Provided records
———

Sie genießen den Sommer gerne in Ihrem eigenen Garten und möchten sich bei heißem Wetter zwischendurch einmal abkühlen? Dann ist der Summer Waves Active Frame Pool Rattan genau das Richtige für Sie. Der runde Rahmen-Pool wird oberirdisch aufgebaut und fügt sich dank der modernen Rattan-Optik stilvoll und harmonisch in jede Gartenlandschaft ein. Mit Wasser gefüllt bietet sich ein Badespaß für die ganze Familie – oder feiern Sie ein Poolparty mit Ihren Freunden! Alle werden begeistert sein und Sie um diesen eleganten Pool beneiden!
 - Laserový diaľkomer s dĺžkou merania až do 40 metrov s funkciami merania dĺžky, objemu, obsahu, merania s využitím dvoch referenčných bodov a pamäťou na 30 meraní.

———

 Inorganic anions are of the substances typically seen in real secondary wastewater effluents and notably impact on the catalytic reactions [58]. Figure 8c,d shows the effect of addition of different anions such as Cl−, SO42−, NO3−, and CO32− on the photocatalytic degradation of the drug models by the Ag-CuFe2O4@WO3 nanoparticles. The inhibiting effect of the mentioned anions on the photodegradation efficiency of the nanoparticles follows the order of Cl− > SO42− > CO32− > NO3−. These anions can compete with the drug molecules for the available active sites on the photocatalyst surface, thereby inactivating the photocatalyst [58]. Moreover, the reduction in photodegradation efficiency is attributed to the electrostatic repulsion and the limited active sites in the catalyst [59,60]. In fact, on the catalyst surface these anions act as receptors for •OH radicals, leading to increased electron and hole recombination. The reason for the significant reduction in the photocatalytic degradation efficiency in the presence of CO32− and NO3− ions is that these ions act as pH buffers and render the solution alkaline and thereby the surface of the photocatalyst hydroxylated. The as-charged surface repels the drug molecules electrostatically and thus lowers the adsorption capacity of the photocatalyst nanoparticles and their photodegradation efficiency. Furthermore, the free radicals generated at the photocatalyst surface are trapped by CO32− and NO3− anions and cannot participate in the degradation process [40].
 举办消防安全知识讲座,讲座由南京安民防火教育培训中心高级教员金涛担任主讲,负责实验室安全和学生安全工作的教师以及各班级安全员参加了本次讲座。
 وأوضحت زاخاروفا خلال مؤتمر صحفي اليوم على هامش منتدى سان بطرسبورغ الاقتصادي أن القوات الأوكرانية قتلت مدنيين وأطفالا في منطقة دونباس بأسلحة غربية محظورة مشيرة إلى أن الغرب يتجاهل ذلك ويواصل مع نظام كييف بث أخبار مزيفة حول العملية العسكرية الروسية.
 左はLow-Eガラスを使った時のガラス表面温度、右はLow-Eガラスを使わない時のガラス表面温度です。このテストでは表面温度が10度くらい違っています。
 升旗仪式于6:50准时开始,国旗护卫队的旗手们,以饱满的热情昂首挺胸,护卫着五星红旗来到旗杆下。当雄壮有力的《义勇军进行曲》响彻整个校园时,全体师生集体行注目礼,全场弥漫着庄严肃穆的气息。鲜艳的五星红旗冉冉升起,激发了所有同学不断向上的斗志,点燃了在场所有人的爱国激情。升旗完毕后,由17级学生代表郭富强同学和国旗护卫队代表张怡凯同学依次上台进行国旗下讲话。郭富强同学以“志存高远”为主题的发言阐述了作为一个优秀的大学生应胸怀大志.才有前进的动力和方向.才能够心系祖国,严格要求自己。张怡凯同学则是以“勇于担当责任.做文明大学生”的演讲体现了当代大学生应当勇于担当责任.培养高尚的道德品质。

———

About this exercise
Using the records above, set down exactly the lines from the one with "وأوضحت زاخاروفا خلال" through the one with "左はLow-Eガラスを使った", inclusive, and nothing more.

Completed exercise
 وأوضحت زاخاروفا خلال مؤتمر صحفي اليوم على هامش منتدى سان بطرسبورغ الاقتصادي أن القوات الأوكرانية قتلت مدنيين وأطفالا في منطقة دونباس بأسلحة غربية محظورة مشيرة إلى أن الغرب يتجاهل ذلك ويواصل مع نظام كييف بث أخبار مزيفة حول العملية العسكرية الروسية.
 左はLow-Eガラスを使った時のガラス表面温度、右はLow-Eガラスを使わない時のガラス表面温度です。このテストでは表面温度が10度くらい違っています。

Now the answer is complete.